Task brief
Transcribe the entries exactly. Start at the top, stop after the line with "2 Pack Bubble", and omit every picture.

Records drawn from a dataset:
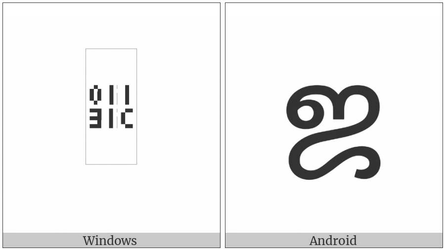 The image below shows how the “Grantha Letter Ja” symbol might look like on different operating systems. If the font in which this web site is displayed does not contain the symbol and there is no fallback font able to render it, you can use the image below to get an idea of what it should look like.
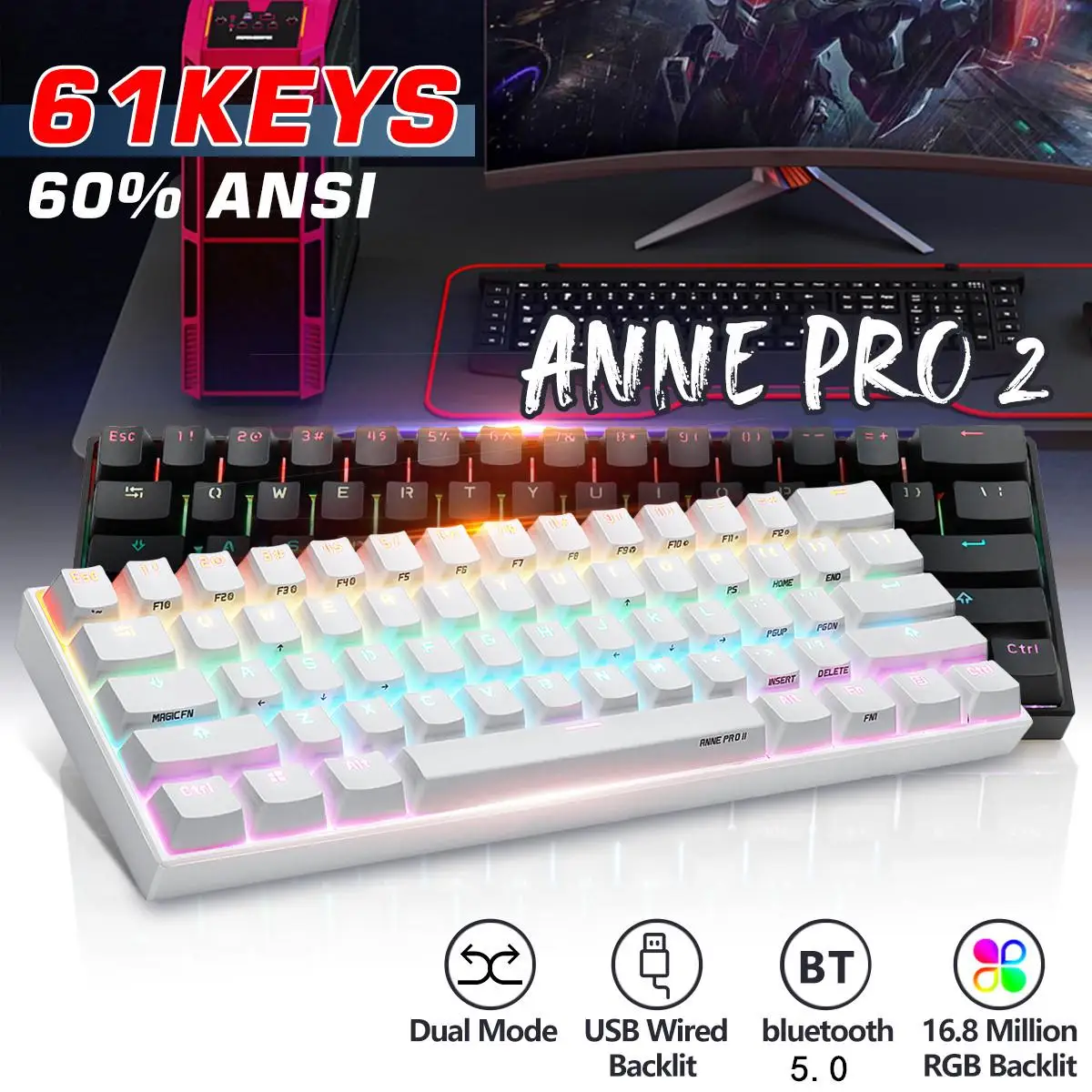 Игровая механическая мини-клавиатура Anne Pro 2 NKRO bluetooth 5.0 Type-C RGB 60%, Gateron Kailh, красная, коричневая, синяя, желтая, переключаемая клавиатура
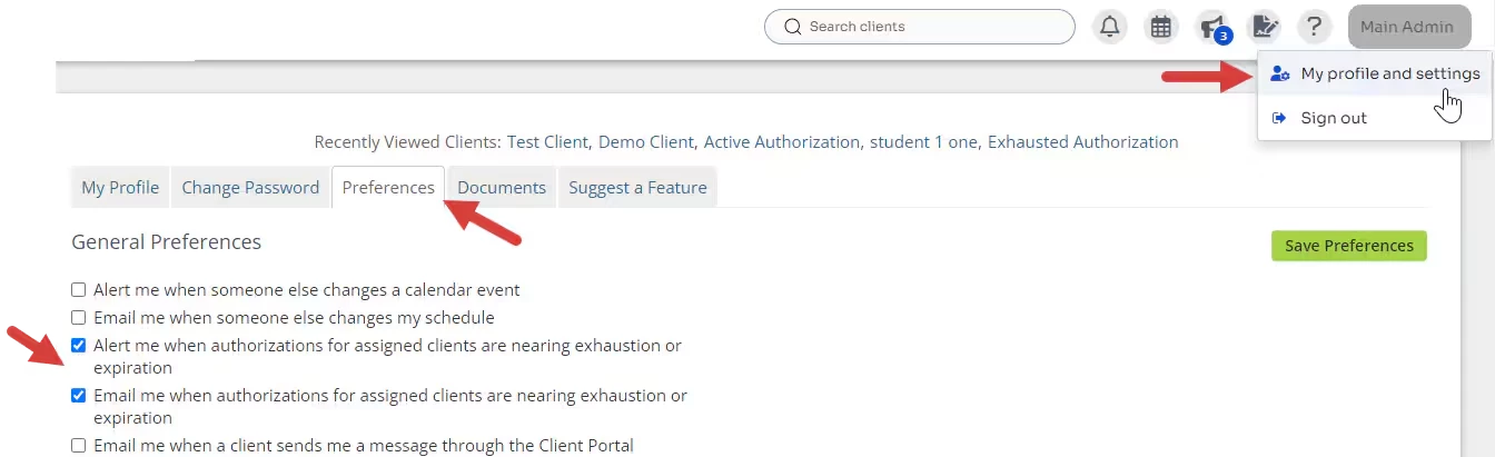In WebABA, you have the ability to track Authorization by Service Type or Units. You can receive alerts and/or emails when there are no Authorized Units or Sessions left or if the Authorizations is expiring by going to your My Profile & Settings> Preferences > General Preferences and checking the setting for Alert me when authorizations for assigned clients are nearing exhaustion or expiration and Email me when authorizations for assigned clients are nearing exhaustion or expiration.
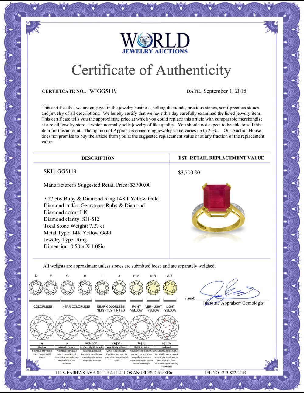 REF-120X2M - SKU: GG5119 ---- Genuine 7.27 ctw Ruby & Diamond Ring 14KT Yellow Gold
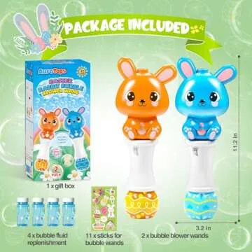 2 Pack Bubble Wands for Kids, Automatic Bubble Blower Machine with Light for Kids Boys Girls, Bunny Bubble Maker with 4 Bubble Solution & Stickers, Summer Outdoor Indoor Activity Easter Gifts
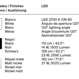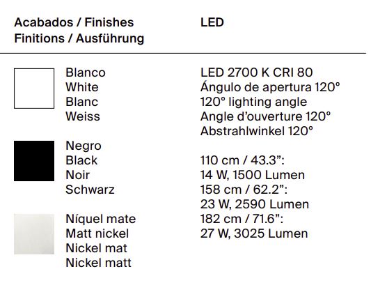 - 158 cm: 23W, 2590 Lumen, ángulo de apertura 120º, 2700 K.
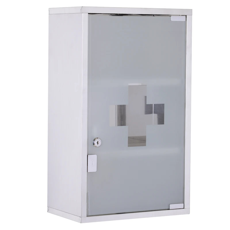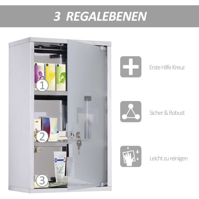Lockable Medicine Cabinet, 3 Tier Stainless Steel Medical Wall Box With 2 Keys And Shelves For Bathroom
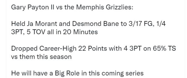 小佩顿的防守能力有多强?数据网站指出,常规赛的交锋中,小佩顿对位防守莫兰特和贝恩的20分钟里,两人累计出手17次,只命中了3球,三分球4中1,累计5次失误。进攻端,小佩顿打灰熊也有过高光表现,他的勇士生涯最高分22分,就是在本赛季对灰熊的一场比赛中拿到的。那场球,小佩顿不但得到22分,而且命中了4记三分。他确实有望在这轮系列赛里扮演一个非常重要的角色。
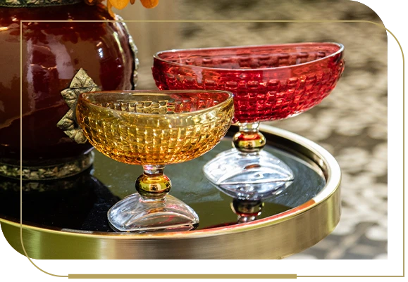 Complementi di arredo in vetro colorato, espressione di un gusto raffinato e di un profondo amore per l’arte.

Exercise answer
 The image below shows how the “Grantha Letter Ja” symbol might look like on different operating systems. If the font in which this web site is displayed does not contain the symbol and there is no fallback font able to render it, you can use the image below to get an idea of what it should look like.
 Игровая механическая мини-клавиатура Anne Pro 2 NKRO bluetooth 5.0 Type-C RGB 60%, Gateron Kailh, красная, коричневая, синяя, желтая, переключаемая клавиатура
In WebABA, you have the ability to track Authorization by Service Type or Units. You can receive alerts and/or emails when there are no Authorized Units or Sessions left or if the Authorizations is expiring by going to your My Profile & Settings> Preferences > General Preferences and checking the setting for Alert me when authorizations for assigned clients are nearing exhaustion or expiration and Email me when authorizations for assigned clients are nearing exhaustion or expiration.
 REF-120X2M - SKU: GG5119 ---- Genuine 7.27 ctw Ruby & Diamond Ring 14KT Yellow Gold
 2 Pack Bubble Wands for Kids, Automatic Bubble Blower Machine with Light for Kids Boys Girls, Bunny Bubble Maker with 4 Bubble Solution & Stickers, Summer Outdoor Indoor Activity Easter Gifts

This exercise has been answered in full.